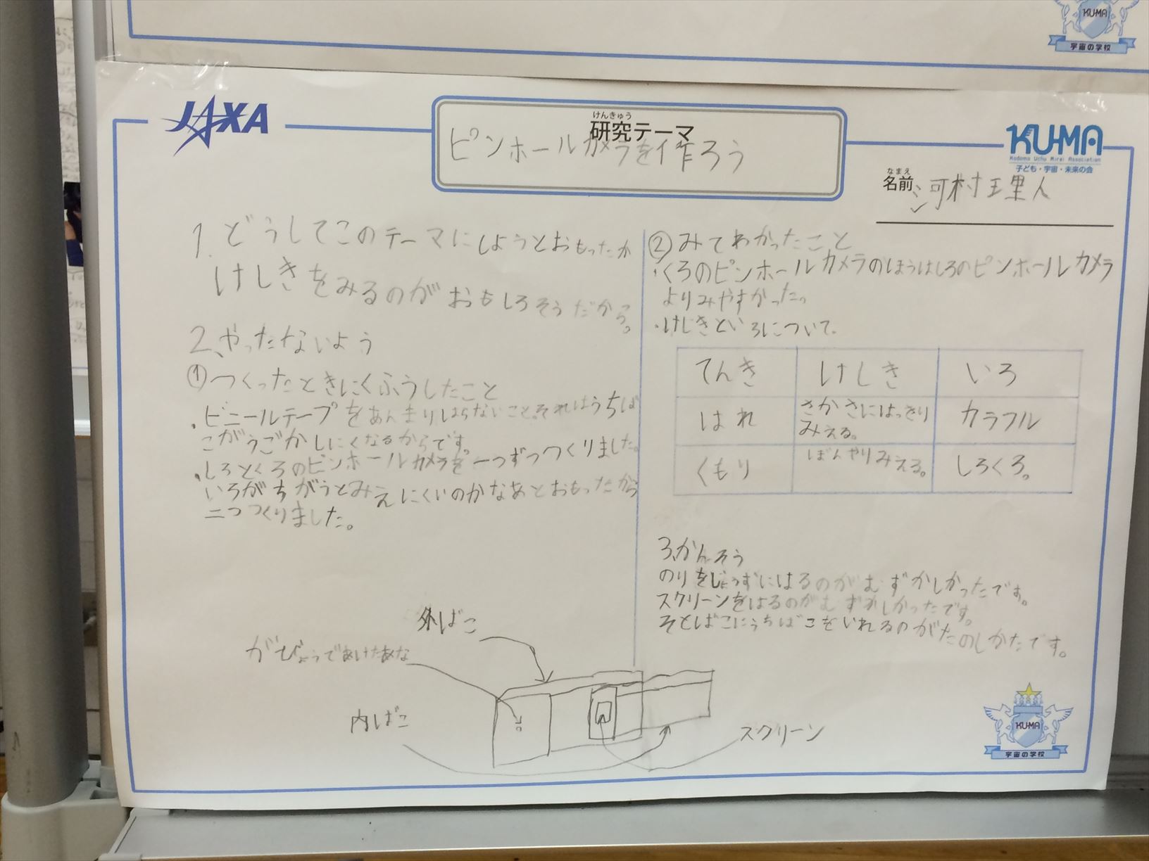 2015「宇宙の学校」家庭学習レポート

++++++++++

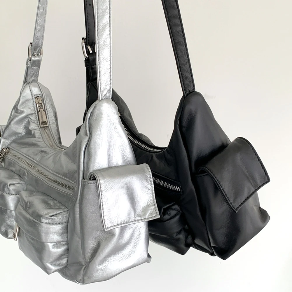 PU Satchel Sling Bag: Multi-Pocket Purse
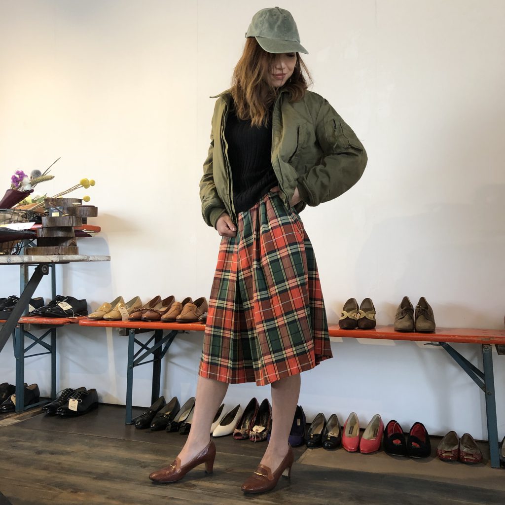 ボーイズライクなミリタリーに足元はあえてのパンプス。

++++++++++

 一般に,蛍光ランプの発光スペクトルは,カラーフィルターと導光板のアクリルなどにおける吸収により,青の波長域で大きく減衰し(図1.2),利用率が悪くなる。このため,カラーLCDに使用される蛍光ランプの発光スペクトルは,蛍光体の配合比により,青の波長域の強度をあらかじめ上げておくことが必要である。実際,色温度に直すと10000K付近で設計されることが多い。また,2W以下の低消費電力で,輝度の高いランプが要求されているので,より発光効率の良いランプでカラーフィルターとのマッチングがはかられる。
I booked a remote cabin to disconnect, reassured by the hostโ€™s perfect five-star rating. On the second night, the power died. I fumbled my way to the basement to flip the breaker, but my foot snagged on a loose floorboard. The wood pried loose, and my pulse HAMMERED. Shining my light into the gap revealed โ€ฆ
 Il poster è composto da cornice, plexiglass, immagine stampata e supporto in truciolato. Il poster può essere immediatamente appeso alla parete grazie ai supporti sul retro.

++++++++++

* [Problem to solve] Only the lines above from the line containing "一般に,蛍光ランプの発光スペ" through the line containing "Il poster è" should be retyped, exactly and with both ends included.

* [Task response]
 一般に,蛍光ランプの発光スペクトルは,カラーフィルターと導光板のアクリルなどにおける吸収により,青の波長域で大きく減衰し(図1.2),利用率が悪くなる。このため,カラーLCDに使用される蛍光ランプの発光スペクトルは,蛍光体の配合比により,青の波長域の強度をあらかじめ上げておくことが必要である。実際,色温度に直すと10000K付近で設計されることが多い。また,2W以下の低消費電力で,輝度の高いランプが要求されているので,より発光効率の良いランプでカラーフィルターとのマッチングがはかられる。
I booked a remote cabin to disconnect, reassured by the hostโ€™s perfect five-star rating. On the second night, the power died. I fumbled my way to the basement to flip the breaker, but my foot snagged on a loose floorboard. The wood pried loose, and my pulse HAMMERED. Shining my light into the gap revealed โ€ฆ
 Il poster è composto da cornice, plexiglass, immagine stampata e supporto in truciolato. Il poster può essere immediatamente appeso alla parete grazie ai supporti sul retro.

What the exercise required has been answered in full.